A standard battery is composed of lead and acid.  As the battery discharges and charges it produces hydrogen and oxygen which is replaced by adding water to the battery.   As the battery ages it will produce the 2 gasses at lower output and charge rates because the battery is aging and sulfating.  Sealed batteries just have a sufficient storage of excess acid to carry the battery through the warranty.  All AGM batteries are completely sealed and do not have the "extra" acid to allow gassing.  The acid is absorbed into a mat that is between the plates of the battery.  They will not stand to be over charged since as the battery gasses the mat dries out and the capacity of the battery goes down.  In theory an AGM battery under normal charge discharge cycles does not produce more gas than can be internally absorbed.  All batteries will gas once they are fully charged and continued to be charged.  Our goal should be to get the battery charged as soon as practical after discharge and then maintain the full charge state BUT not to over charge especially the AGM style.  Makes sense?

Bob23

Easy, Vec. Now pay attention:
  When the battery is cold, the little electrons take a little nap the length of which is determined by the temperature. The colder it is, the deeper they sleep. When you come along and try to start your cold car, they take it very personally and refuse to wake up. I mean, how would you feel if someone tried to waken you out of a deep sleep? So, instead of rudely trying to start your car, first try this: Open the hood, and looking at your battery, say something like this: "Well, hello there battery. First I must apologize for waking you and I thought we should talk about it first. I need to start the car so if it's ok, and no rush at all, can you help me out a bit by waking up all your electron buddies and turn over the starter when I give the signal? I promise that if you do, you'll be warm in no time".
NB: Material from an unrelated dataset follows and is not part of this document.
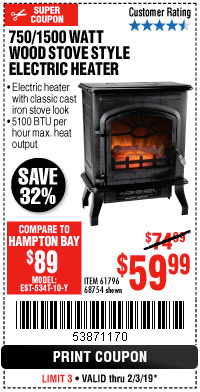 750/1500 WATT WOOD STOVE Lot No. 68754 Expired: 2/3/19 - $59.99 Coupon Code: '53871170'

  That's how it works, Vec.

Vectordirector

Ok.  I get it.  No more Chicago winters for me anyway. 

Stay warm everybody.  Except for your batteries!

vectordirector
2005 Eclipse #23  Sold

crazycarl

so, alsantini, let me get this straight.

i've been lugging 3 - group 27 batteries out of the boats, down the ladder, across the driveway, through the garage, into the kitchen, down the stairs, past the workout room, through the wood shop, and into the far corner of the utility room for the past 10 years and NOW YOU TELL ME IT'S BETTER TO LEAVE THEM IN THE GARAGE!?

your sense of humor is worse than bobs!

but in all seriousness, this makes sense as i've often wondered why stored batteries would freeze, yet the battery in my car can sit for days at a time and not "freeze and crack".

looks like i'll be carrying 3 - group 27 batteries from the far corner of the utility room, into the wood shop, through the workout room, up the stairs, into the kitchen, and back into the garage.

i'm exhausted just thinking of it.

C.C.
Oriental, "The Sailing Capitol of North Carolina".

1985 Compac 19/II  "Miss Adventure"
1986 Seidelmann 295  "Sur La Mer"

Vectordirector

Sounds like excellent exercise Carl.  No wonder my battery never wound up in the basement.  I really told myself I was going to move it from the garage, just well, never got motivated enough.  I have learned that basements are great for things like tornados, but really suck as storage areas because you realize that everything you lugged down there will have to come back up at some point.